Takanami Iwao, Abiko Tomohiro, Koizumi Satoko
Department of Surgery, Teikyo University School of Medicine, Tokyo, Japan.
Ann Thorac Cardiovasc Surg. 2009 Dec;15(6):373-7.
Transsternal thymectomy is well established in the treatment of myasthenia gravis (MG). The objectives of this study were to evaluate the influence and prognostic factors of thymectomy as treatment for MG.
Surgical results of 54 patients with MG who underwent transsternal thymectomy were retrospectively reviewed. We investigated clinical outcomes of extended transsternal thymectomy in MG, and we analyzed the data to clarify the effect of prognostic factors on clinical outcome.

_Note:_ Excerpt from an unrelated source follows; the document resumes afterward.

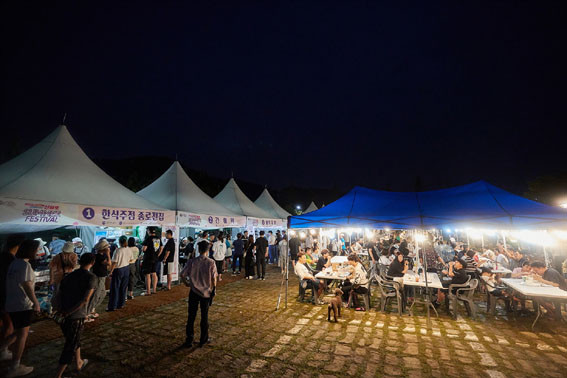 ÃàÁ¦Àå¿¡´Â À½¾Ç°ø¿¬À» °ü¶÷ÇÏ´Â °´¼®Àº ¹°·Ð, Àܵð¹ç¿¡¼ µ¾ÀÚ¸®¸¦ Æí °ü¶÷°´, ǪµåÆ®·° Á¸ÀÇ ½Äµµ¶ô°¡µé±îÁö °÷°÷¿¡¼ ÃàÁ¦¸¦ Áñ±â´Â ´Ù¾çÇÑ Ç¥Á¤µéÀÌ Æ÷ÂøµÇ°í ÀÖ´Ù.

A total of 54 patients, including 28 males and 26 females, were analyzed. At their last visit, 5 patients (9%) were in complete remission; 36 (67%) reported clinical improvement; and 18 (33%) had no change. There were no operative or late deaths. Clinical improvement was not detected by a patient's age, sex, presence or absence of thymoma, or acetylcholine receptor (AchR) antibodies titer. Patients in which the duration of illness before operation was equal to or less than 24 months (p = 0.018), and patients in the advanced Myasthenia Gravis Foundation of America (MGFA) stage (p = 0.014), showed a greater degree of clinical improvement.
Transsternal thymectomy for MG is safe and effective. Those patients with severe symptoms and a shorter duration of illness showed more benefits from thymectomy.
经胸骨胸腺切除术在重症肌无力(MG)的治疗中已得到充分确立。本研究的目的是评估胸腺切除术作为MG治疗方法的影响及预后因素。
对54例行经胸骨胸腺切除术的MG患者的手术结果进行回顾性分析。我们研究了MG患者扩大经胸骨胸腺切除术的临床结果,并分析数据以阐明预后因素对临床结果的影响。
共分析了54例患者,其中男性28例,女性26例。在最后一次随访时,5例(9%)完全缓解;36例(67%)报告临床症状改善;18例(33%)无变化。无手术死亡或晚期死亡。患者的年龄、性别、是否存在胸腺瘤或乙酰胆碱受体(AchR)抗体滴度均未检测到临床改善。术前病程等于或小于24个月的患者(p = 0.018)以及美国重症肌无力基金会(MGFA)晚期的患者(p = 0.014)临床改善程度更大。
经胸骨胸腺切除术治疗MG安全有效。症状严重且病程较短的患者从胸腺切除术中获益更多。